Giando: l’odissea del gusto da Lavello a Hong Kong.                La storia dello chef Giandomenico Caprioli

Giando: l’odissea del gusto da Lavello a Hong Kong. La storia dello chef Giandomenico Caprioli

Il successo di Giandomenico Caprioli rappresenta la prova tangibile di come il valore lucano, se affiancato a una visione globale, possa riscrivere la geografia della ristorazione internazionale.
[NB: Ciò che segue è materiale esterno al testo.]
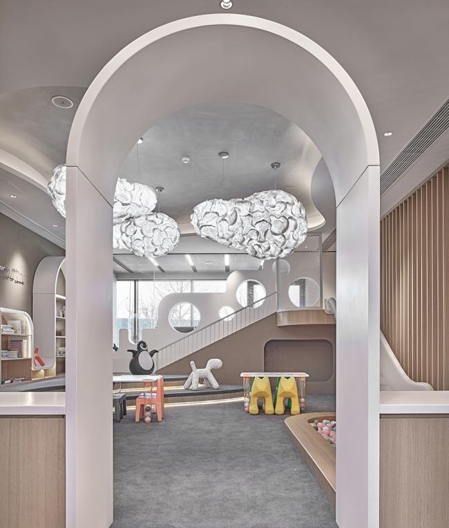 沙盘区的另一侧是寓教于乐的儿童活动室,在弧形趣味的书墙造型下,运用意大利家具品牌ME TOO与LEGO结合,童趣而不失烂漫。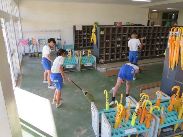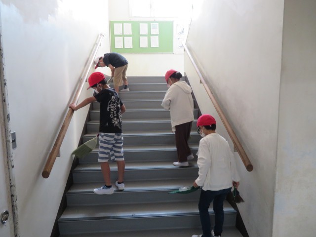 朝は、学校への感謝の気持ちを込めて、清掃からスタートしました。

Recentemente, il conferimento del Premio Heraclea ha segnato l’abbraccio simbolico con la propria terra d’origine, un riconoscimento che si aggiunge al titolo di Cavaliere dell’Ordine della Stella d’Italia conferitogli nel 2021 per il suo ruolo di ambasciatore del Made in Italy nel mondo.

Il legame con le proprie radici emerge con nitidezza nelle parole dello chef:

“Noi lucani possediamo un carattere armonioso. È un’armonia che risiede nel nostro accento, nella compostezza con cui ci poniamo al mondo e, soprattutto, in una cucina che non ha bisogno di gridare per convincere.”

Questa visione ha condotto il suo ristorante “Giando” a conquistare il 15° posto nella guida 50 Top Italy 2025, affermandosi tra i grattacieli di Hong Kong ma mantenendo l’identità legata al territorio del Vulture.

Dalle radici a Lavello alla formazione internazionale

La storia di Caprioli prende il via in una fattoria di Lavello, in provincia di Potenza. Cresciuto in una famiglia numerosa, ha appreso fin da giovanissimo la cultura della terra e i segreti della materia prima: la lavorazione della pasta fatta a mano, la cura per i pomodori da conserva e la ricerca dell’origano spontaneo.

A 13 anni la prima esperienza fuori dalla Basilicata nella rosticceria del fratello a Rimini, dove apprende la disciplina della cucina romagnola. Successivamente, il percorso formativo lo porta a lavorare al fianco di Gino Angelini al Grand Hotel Des Bains di Riccione, prima di affrontare brevi parentesi e sfide all’estero, tra cui l’esperienza negli Stati Uniti sostenuta dal restaurateur Mauro Vincenti.

Alla corte degli Agnelli e l’arrivo a Hong Kong

Tra il 2000 e il 2003 la carriera di Caprioli si intreccia con l’alta diplomazia e l’aristocrazia italiana: viene infatti scelto come cuoco personale di Gianni Agnelli, viaggiando tra New York, St. Moritz e la Corsica. È in questo contesto che nasce il nome d’arte con cui è conosciuto nel mondo, suggerito da Donna Marella Agnelli per abbreviare il nome di battesimo Giandomenico.

Nel 2004 il trasferimento ad Hong Kong come Executive Chef. Nel 2012 inaugura il ristorante “Giando” a Wan Chai, caratterizzato anche dalla presenza di arredi provenienti dalla casa di famiglia a Lavello. Negli anni la struttura si è ampliata dando vita a un gruppo che comprende la Giá Trattoria Italiana, i format Cotto & Crudo e Mangio, oltre alla rete di distribuzione Mercato Gourmet, nata per importare in Asia i prodotti delle piccole aziende agricole e cantine boutique italiane.

L’attività dello chef ha trovato una delle sue collaborazioni più prestigiose nel 2024 con l’evento promosso in occasione del decennale di Mercato Gourmet presso The Peninsula Hotel, consolidando una presenza internazionale ancorata ai valori e alla cultura della Basilicata.

Intervista esclusiva a cura di Sergio Palomba per Basilicata Media.